----- Records supplied

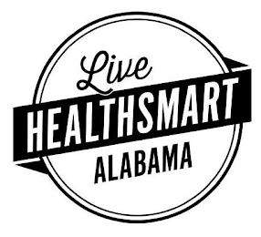 - DM0000: The mark consists of a ribbon at a slight upward angle crossing two concentric circles, with the word LIVE in cursive above the ribbon, the word HEALTHSMART in uppercase block letters across the ribbon, and the word ALABAMA in smaller uppercase block letters below the ribbon.
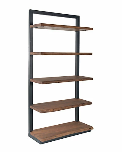 - Design details: Wide, live edge planks of solid Acacia wood in a vibrant Sequoia Light Brown finish appear to float in mid-air on our five-shelf bookcase. Yet, held aloft by metal brackets on a dark iron frame, youll have no worries about displaying your treasured photos and possessions.
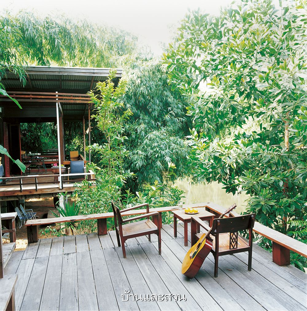 บ้านไม้ชั้นเดียวยกพื้นสูงแสนสงบที่แทรกตัวอยู่กลางธรรมชาติริมฝั่งแม่น้ำนครนายกหลังนี้ เป็นที่พักกายพักใจจากชีวิตวุ่นวายในเมืองหลวง จะมีก็เพียงเสียงของธรรมชาติและสายน้ำที่อยู่เบื้องหน้าเท่านั้นที่เห็นเมื่อไรก็ชวนให้หัวใจรู้สึกสดชื่นรื่นรมย์อยู่เสมอ
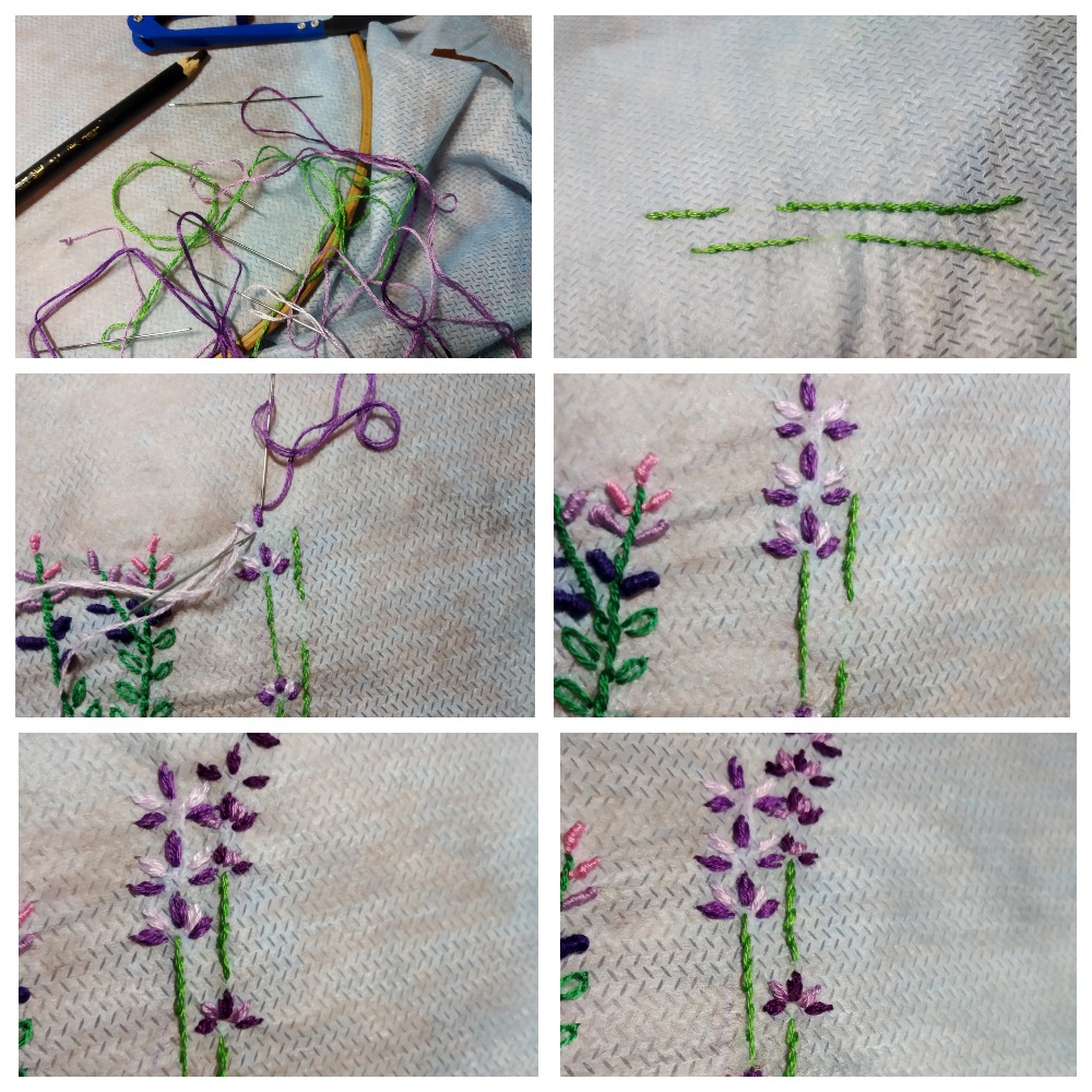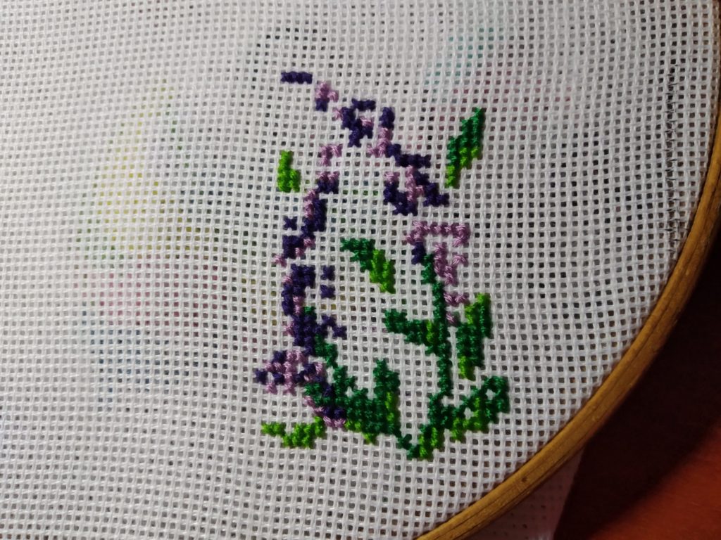 - Лаванду можно вышивать одним цветом и несколькими, совпадающими по оттенкам. Между выбранными цветами должен быть мягкий и постепенный переход.
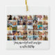 Create a customised photo ornament featuring 40 of your pictures in a simple modern grid layout alongside personalised text in elegant script calligraphy. All text and colours and can be adjusted to your liking in this design.
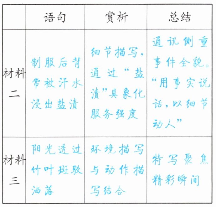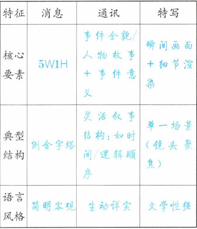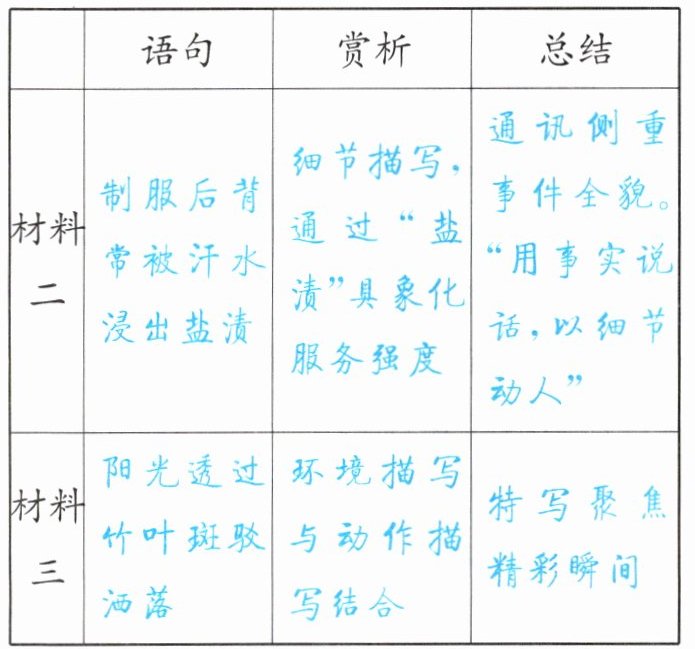 请结合材料二和材料三进行批注式阅读,分析特写与通讯在选材角度的区别,完成以下表格。
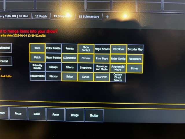 We need to go to server/backup and click to continue. Since we have an APEX in the auditorium, it will be a bit of a run up to server/backup when we save our showfiles.

----------

_What the exercise asks:_ Transcribe each record exactly as it appears, but omit every picture.

_Your response:_
 - DM0000: The mark consists of a ribbon at a slight upward angle crossing two concentric circles, with the word LIVE in cursive above the ribbon, the word HEALTHSMART in uppercase block letters across the ribbon, and the word ALABAMA in smaller uppercase block letters below the ribbon.
 - Design details: Wide, live edge planks of solid Acacia wood in a vibrant Sequoia Light Brown finish appear to float in mid-air on our five-shelf bookcase. Yet, held aloft by metal brackets on a dark iron frame, youll have no worries about displaying your treasured photos and possessions.
 บ้านไม้ชั้นเดียวยกพื้นสูงแสนสงบที่แทรกตัวอยู่กลางธรรมชาติริมฝั่งแม่น้ำนครนายกหลังนี้ เป็นที่พักกายพักใจจากชีวิตวุ่นวายในเมืองหลวง จะมีก็เพียงเสียงของธรรมชาติและสายน้ำที่อยู่เบื้องหน้าเท่านั้นที่เห็นเมื่อไรก็ชวนให้หัวใจรู้สึกสดชื่นรื่นรมย์อยู่เสมอ
 - Лаванду можно вышивать одним цветом и несколькими, совпадающими по оттенкам. Между выбранными цветами должен быть мягкий и постепенный переход.
 Create a customised photo ornament featuring 40 of your pictures in a simple modern grid layout alongside personalised text in elegant script calligraphy. All text and colours and can be adjusted to your liking in this design.
 请结合材料二和材料三进行批注式阅读,分析特写与通讯在选材角度的区别,完成以下表格。
 We need to go to server/backup and click to continue. Since we have an APEX in the auditorium, it will be a bit of a run up to server/backup when we save our showfiles.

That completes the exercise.